→ **TASK INSTRUCTIONS**:
In the records below, find the line containing "Строим кварталы для" and the line containing "Počasí ve střední". Give again exactly those lines and every line between them, omitting the pictures.

→ **MATERIALS PROVIDED**:

● ● ● ●

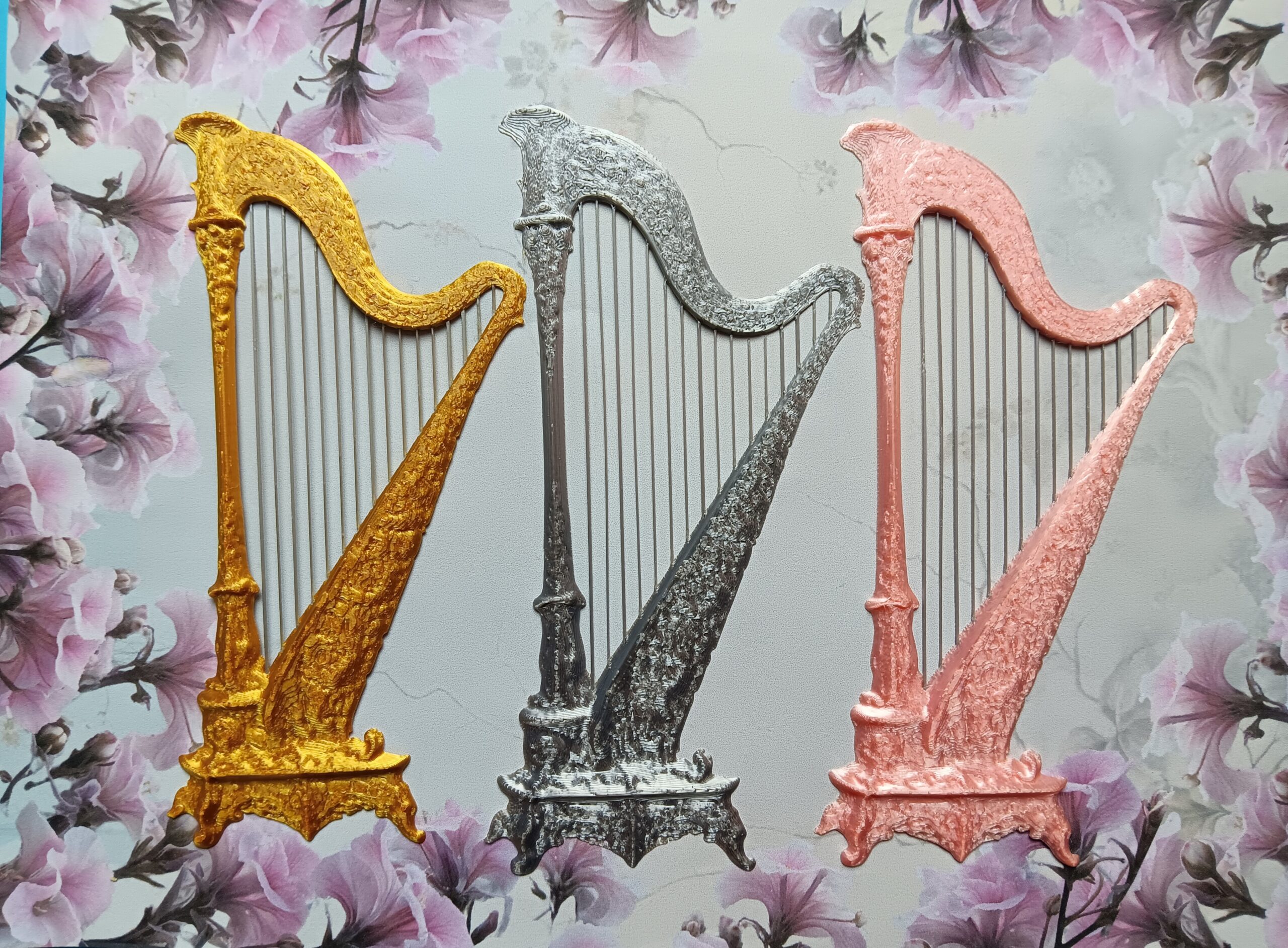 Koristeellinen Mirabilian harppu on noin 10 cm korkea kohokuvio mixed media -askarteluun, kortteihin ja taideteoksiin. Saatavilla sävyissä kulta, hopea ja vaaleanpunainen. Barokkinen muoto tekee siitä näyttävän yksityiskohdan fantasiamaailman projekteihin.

● ● ● ●

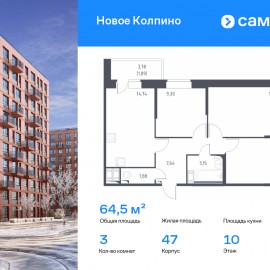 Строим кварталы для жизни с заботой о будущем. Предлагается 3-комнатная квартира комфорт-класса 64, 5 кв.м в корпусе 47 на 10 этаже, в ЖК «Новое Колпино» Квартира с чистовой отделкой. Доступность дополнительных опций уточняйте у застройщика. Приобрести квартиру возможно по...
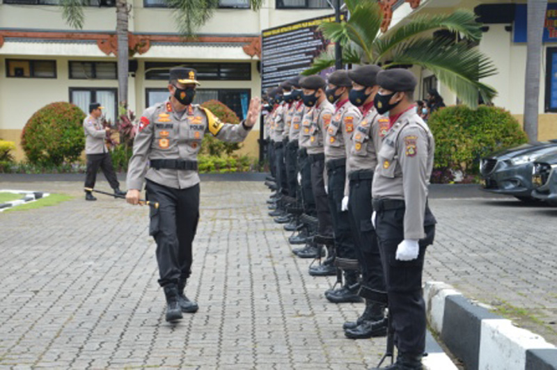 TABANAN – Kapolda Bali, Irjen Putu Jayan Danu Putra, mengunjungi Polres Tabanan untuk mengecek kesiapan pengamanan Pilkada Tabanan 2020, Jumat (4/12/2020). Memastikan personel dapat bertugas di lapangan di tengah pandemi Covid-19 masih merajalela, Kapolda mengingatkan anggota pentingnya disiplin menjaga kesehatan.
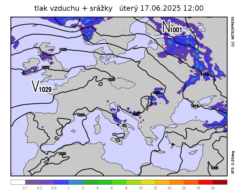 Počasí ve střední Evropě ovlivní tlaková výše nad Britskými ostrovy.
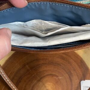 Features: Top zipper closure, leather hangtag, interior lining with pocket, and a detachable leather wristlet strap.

● ● ● ●

→ **ANSWER TO THE PROBLEM**:
 Строим кварталы для жизни с заботой о будущем. Предлагается 3-комнатная квартира комфорт-класса 64, 5 кв.м в корпусе 47 на 10 этаже, в ЖК «Новое Колпино» Квартира с чистовой отделкой. Доступность дополнительных опций уточняйте у застройщика. Приобрести квартиру возможно по...
 TABANAN – Kapolda Bali, Irjen Putu Jayan Danu Putra, mengunjungi Polres Tabanan untuk mengecek kesiapan pengamanan Pilkada Tabanan 2020, Jumat (4/12/2020). Memastikan personel dapat bertugas di lapangan di tengah pandemi Covid-19 masih merajalela, Kapolda mengingatkan anggota pentingnya disiplin menjaga kesehatan.
 Počasí ve střední Evropě ovlivní tlaková výše nad Britskými ostrovy.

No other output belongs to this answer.